Are they effective in anyway or are they just as pointless as voting?

  • amemorablename@lemmygrad.ml
    ·
    6 months ago

    I would hesitate to generalize the whole world over, but if we're talking about a dictatorship of capital, where the powers have no reason to listen to you unless 1) what you're saying aligns with their goals or 2) they want to do a PR thing so they pick it out as a show of them being magnanimous, consider Frederick Douglass's words, "Power concedes nothing without a demand."

    Is a petition a challenge to power with substance behind it that pressures them to listen? Or is it a suggestion in a suggestion box that can be dumped in the trash?

    Especially in the digital age, a petition can be easily ignored entirely. You can't fill someone's office with digital signatures and make them sort through it or find where to put it in a dumpster. In this way, cases where phone calls can be made or emails can be sent is probably more of a realistic pressure, since you're flooding their communication channels. Though with how spam filters are now, emails may also be easily ignored if they share much of the same elements.

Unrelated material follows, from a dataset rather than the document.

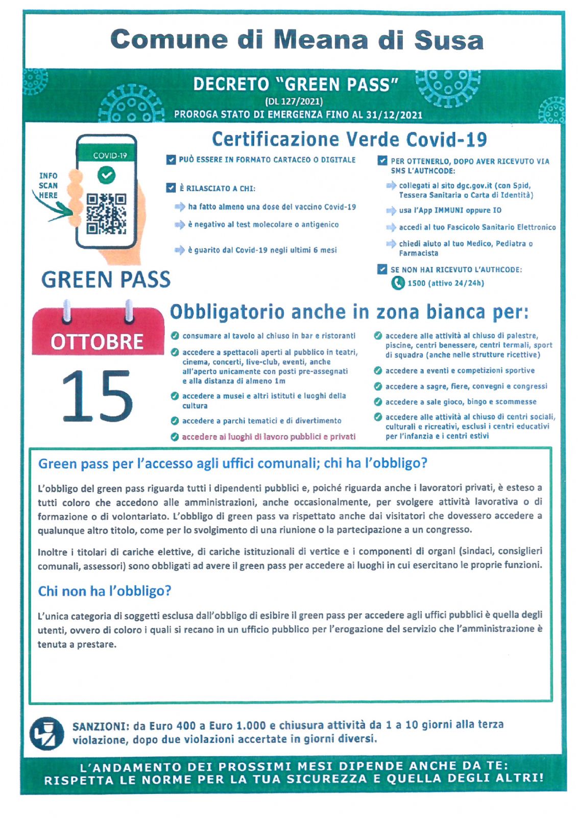 AVVISO DECRETO GREEN PASS (D.L. 127/2021).
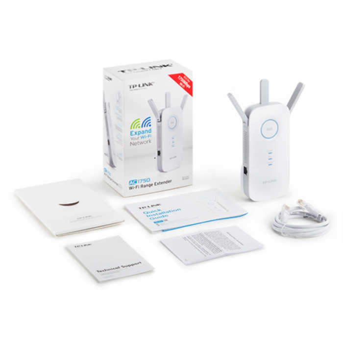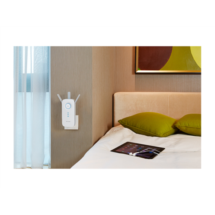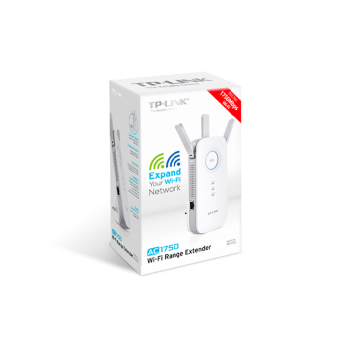 TP-LINK RE450 Range Extender podaljša in izboljša domet vašega brezžičnega omrežja in odstrani mrtve točke. Omogoča Dual Band delovanje z hitrostjo do 1750 Mbps oz. 450Mbps na 2.4GHz frekvenci in 1300 Mbps na 5 GHz frekvenci. S tremi nastavljivimi zunanjimi antenami in indikatorjem, ki pomaga najti optimalno lokacijo, je podaljševanje omrežja zelo enostavno. Podpira vse Wi-Fi standarde, vključno z 802.11ac. S pritiskom na RE gumb enostavno razširite vaše omrežje. Ethernet port (10/100/1000) omogoča priklop ožičenih naprav.

    I would say pressure needs to either overwhelm with immediacy in order to force a response (which will not necessarily force a wanted change) or be organized enough to have sustained pressure (and then you will face efforts to attack and dismantle it). As petitions don't seem to fall under either, the only value I can see in it is if you are using it as part of a larger strategy to get people energized and gauge how committed they are and see if you can bring some of them into further organizing. But in a place like the US, being increasingly surveillance state and high funding for cops and so on, I would hesitate to imply anyone should be encouraging use of petitions, since that makes a public list that can be used to target people.